Dataset section:
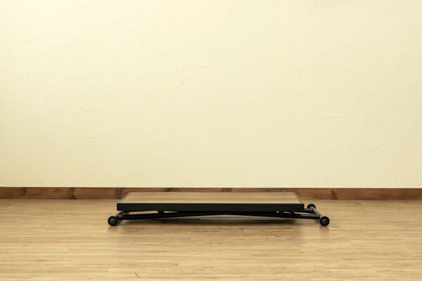 天板を下げる際はレバーを持ち上げながら天板中央より外側(回転するキャスター側)に荷重をかけて下さい
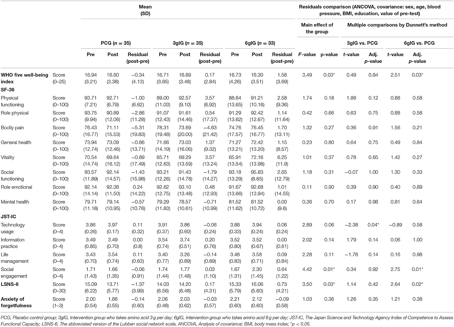 Results: The numbers of participants excluding dropouts were 35 in PCG and 3gIG and 33 in 6gIG. Analysis of covariance revealed that the 6gIG showed significantly improved cognitive function (Trail Making Test B), social interaction and psychological health scores after ingestion compared to the PCG (multiplicity adjusted p < 0.05).
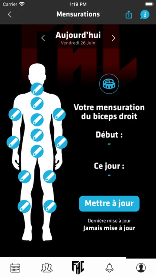 Notre application a la capacité de se synchroniser avec Santé pour afficher les données de santé du jour dans l’écran d’activité de l’utilisateur. Pour mieux suivre les entraînements, l’utilisateur peut partager les données avec le coach.

Your objective: All the lines above should be reproduced exactly, and none of the pictures.

Response area:
 天板を下げる際はレバーを持ち上げながら天板中央より外側(回転するキャスター側)に荷重をかけて下さい
 Results: The numbers of participants excluding dropouts were 35 in PCG and 3gIG and 33 in 6gIG. Analysis of covariance revealed that the 6gIG showed significantly improved cognitive function (Trail Making Test B), social interaction and psychological health scores after ingestion compared to the PCG (multiplicity adjusted p < 0.05).
 Notre application a la capacité de se synchroniser avec Santé pour afficher les données de santé du jour dans l’écran d’activité de l’utilisateur. Pour mieux suivre les entraînements, l’utilisateur peut partager les données avec le coach.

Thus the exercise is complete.